Problem details: Your job with the data below is to output exactly the lines from the one holding "Filete de pescado" down to the one holding "Aros de plata", both included, and no others.

Extracted information:
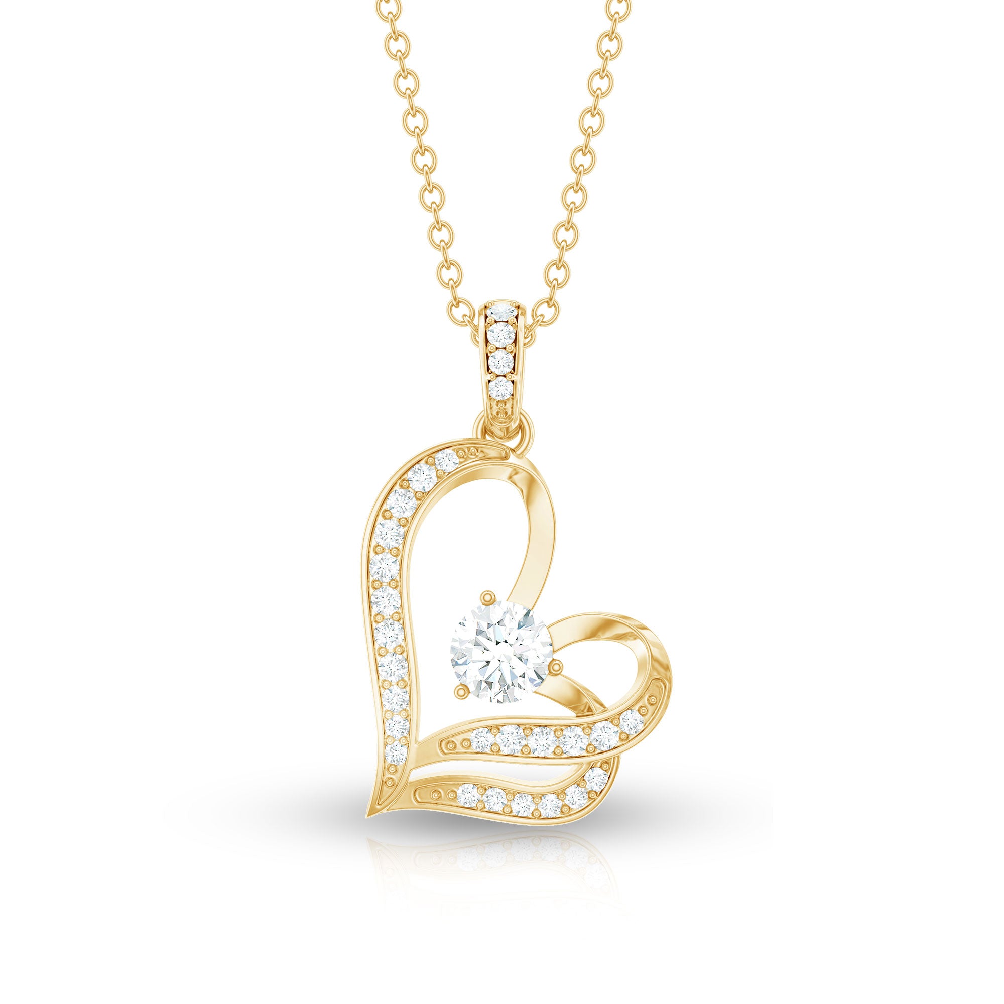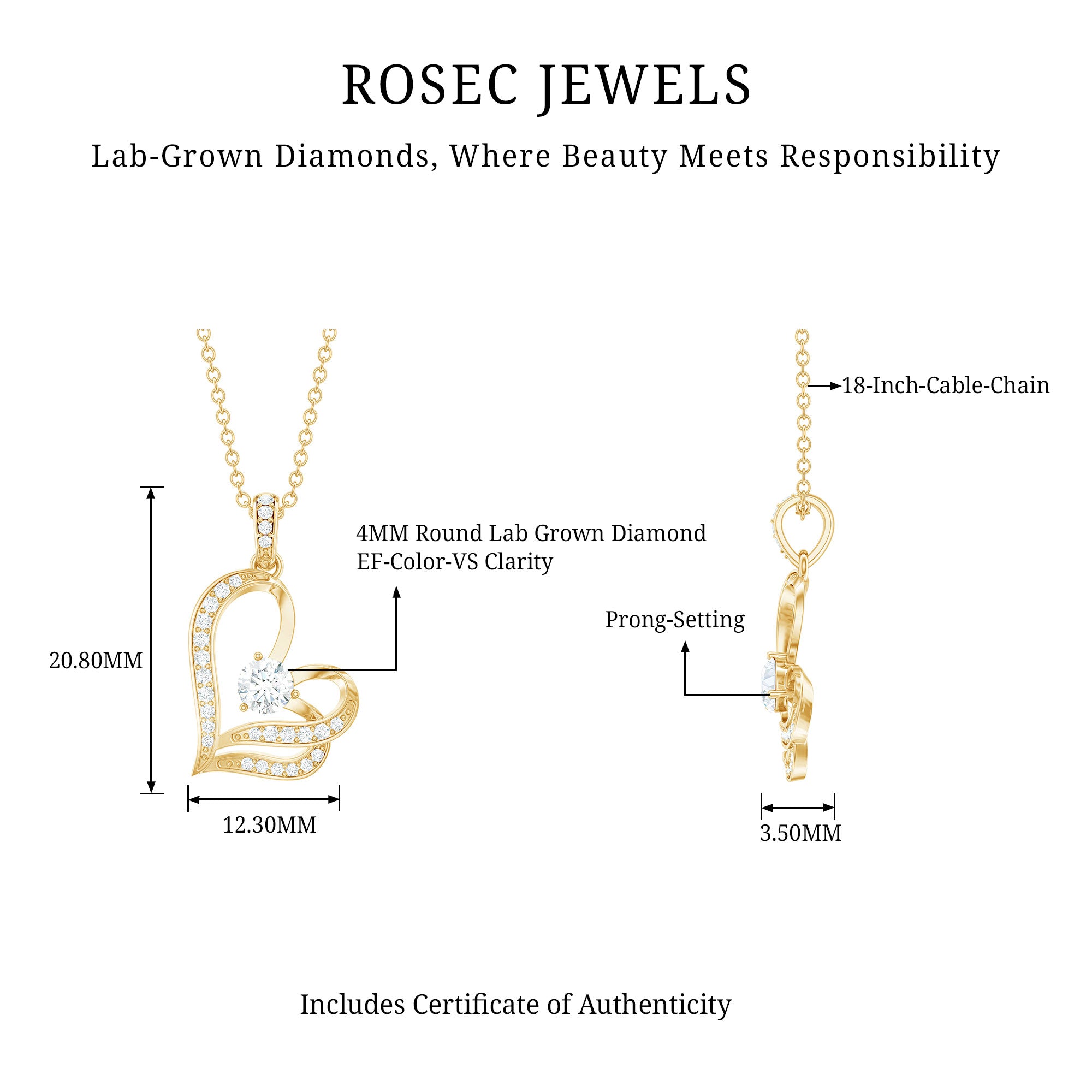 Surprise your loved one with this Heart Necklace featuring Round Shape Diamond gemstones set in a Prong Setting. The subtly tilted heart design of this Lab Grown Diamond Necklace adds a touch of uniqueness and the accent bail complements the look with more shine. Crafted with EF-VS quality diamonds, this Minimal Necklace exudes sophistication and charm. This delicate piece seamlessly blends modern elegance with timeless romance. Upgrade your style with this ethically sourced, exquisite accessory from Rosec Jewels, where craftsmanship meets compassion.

==

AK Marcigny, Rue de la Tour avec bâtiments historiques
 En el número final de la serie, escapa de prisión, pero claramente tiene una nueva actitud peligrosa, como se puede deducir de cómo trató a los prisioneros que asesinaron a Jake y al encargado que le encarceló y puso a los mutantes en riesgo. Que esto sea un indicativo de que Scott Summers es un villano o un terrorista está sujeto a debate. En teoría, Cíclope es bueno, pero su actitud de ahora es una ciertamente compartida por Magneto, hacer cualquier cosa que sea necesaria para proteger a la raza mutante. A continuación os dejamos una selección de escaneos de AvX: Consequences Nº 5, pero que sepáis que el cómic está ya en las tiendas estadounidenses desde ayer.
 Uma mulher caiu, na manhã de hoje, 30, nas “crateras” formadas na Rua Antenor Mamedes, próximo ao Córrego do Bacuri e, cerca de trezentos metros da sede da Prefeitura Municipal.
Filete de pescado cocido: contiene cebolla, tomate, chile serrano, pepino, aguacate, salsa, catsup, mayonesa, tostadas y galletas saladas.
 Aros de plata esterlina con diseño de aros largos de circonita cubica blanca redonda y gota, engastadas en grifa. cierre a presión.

Exercise solution:
Filete de pescado cocido: contiene cebolla, tomate, chile serrano, pepino, aguacate, salsa, catsup, mayonesa, tostadas y galletas saladas.
 Aros de plata esterlina con diseño de aros largos de circonita cubica blanca redonda y gota, engastadas en grifa. cierre a presión.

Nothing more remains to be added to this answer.